As for the rest, Colback was the pick of the bunch; he had high energy and actually played some thoughtful football. Johnson had a couple of runs, particularly after McClean had departed at half time and N’Diaye showed some promise. He would be better if he could stay on his feet, particularly when tackling.

Southampton looked neat and tidy and should build on this season to establish themselves as a decent Premier League side. Luke Shaw looked a good prospect at left back and the whole team had a pleasing shape about it, with midfielders knowing what they were supposed to do rather than just running around chasing the ball as ours too frequently do.

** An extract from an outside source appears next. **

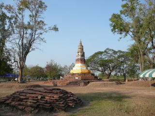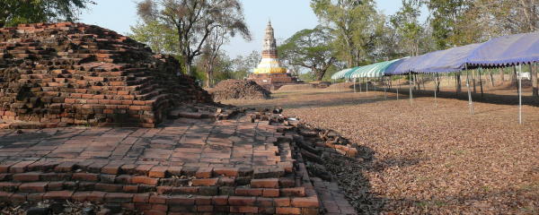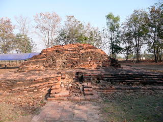 八角錐の煉瓦造りが特徴の仏塔で、ドヴァラヴァティー時代、アユタヤ時代、バンコク王朝時代の三時代に渡って建てられたと言う。

The jury is out on the head coach. He has to attempt to make a silk purse out the various sows’ ears that Messrs. Bruce and O’Neill have left at SR1. He is limited through injuries and suspensions as to what he can do and he needs a transfer window to stamp his and his coaching staff’s identity on Sunderland AFC.

It is a big job. Any neutral watching the football that Wigan played at Wembley and comparing it with the dross that we have served up on a consistent basis this season, would not hesitate in giving the Pie Eaters the thumbs up and us the thumbs down.

Will it get any better next season? Can a man with limited experience of big transfers bring in players who will take us away from the wretchedly low level that we have inhabited for years. Will I be there to see it? It’s easy to cancel a direct debit.

Meanwhile, as the banner says: “In Arsène We Trust.”